§ Try it:
Restate each line of the listing exactly, without carrying over any pictures.

§ Available data:
>>>>

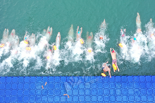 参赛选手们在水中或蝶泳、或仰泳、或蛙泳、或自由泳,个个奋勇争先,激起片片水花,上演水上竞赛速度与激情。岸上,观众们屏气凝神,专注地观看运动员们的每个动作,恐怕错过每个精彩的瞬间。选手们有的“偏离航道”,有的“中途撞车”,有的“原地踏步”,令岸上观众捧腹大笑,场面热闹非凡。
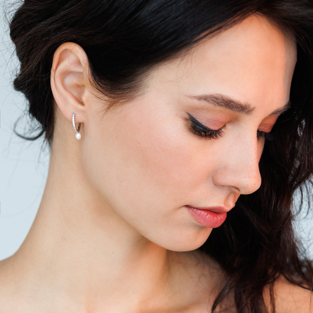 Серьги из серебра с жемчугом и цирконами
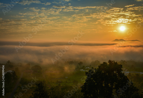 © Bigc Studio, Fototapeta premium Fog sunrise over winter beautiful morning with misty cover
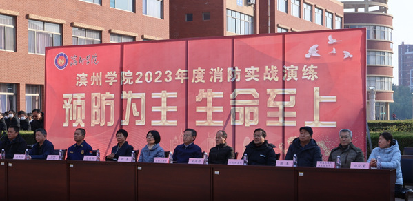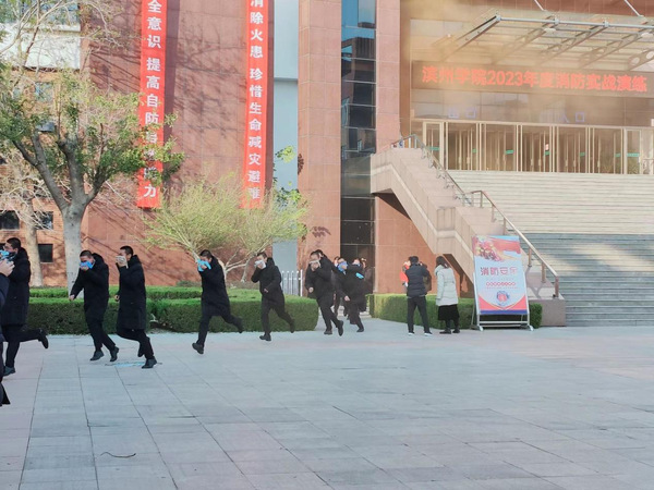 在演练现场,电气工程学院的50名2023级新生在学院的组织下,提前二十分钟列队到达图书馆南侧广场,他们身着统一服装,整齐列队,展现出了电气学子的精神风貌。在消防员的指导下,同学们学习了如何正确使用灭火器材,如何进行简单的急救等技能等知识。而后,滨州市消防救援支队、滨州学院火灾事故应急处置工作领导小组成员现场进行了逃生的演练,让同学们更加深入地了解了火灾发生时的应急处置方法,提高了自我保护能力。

<<<<

§ Answer space:
 参赛选手们在水中或蝶泳、或仰泳、或蛙泳、或自由泳,个个奋勇争先,激起片片水花,上演水上竞赛速度与激情。岸上,观众们屏气凝神,专注地观看运动员们的每个动作,恐怕错过每个精彩的瞬间。选手们有的“偏离航道”,有的“中途撞车”,有的“原地踏步”,令岸上观众捧腹大笑,场面热闹非凡。
 Серьги из серебра с жемчугом и цирконами
 © Bigc Studio, Fototapeta premium Fog sunrise over winter beautiful morning with misty cover
 在演练现场,电气工程学院的50名2023级新生在学院的组织下,提前二十分钟列队到达图书馆南侧广场,他们身着统一服装,整齐列队,展现出了电气学子的精神风貌。在消防员的指导下,同学们学习了如何正确使用灭火器材,如何进行简单的急救等技能等知识。而后,滨州市消防救援支队、滨州学院火灾事故应急处置工作领导小组成员现场进行了逃生的演练,让同学们更加深入地了解了火灾发生时的应急处置方法,提高了自我保护能力。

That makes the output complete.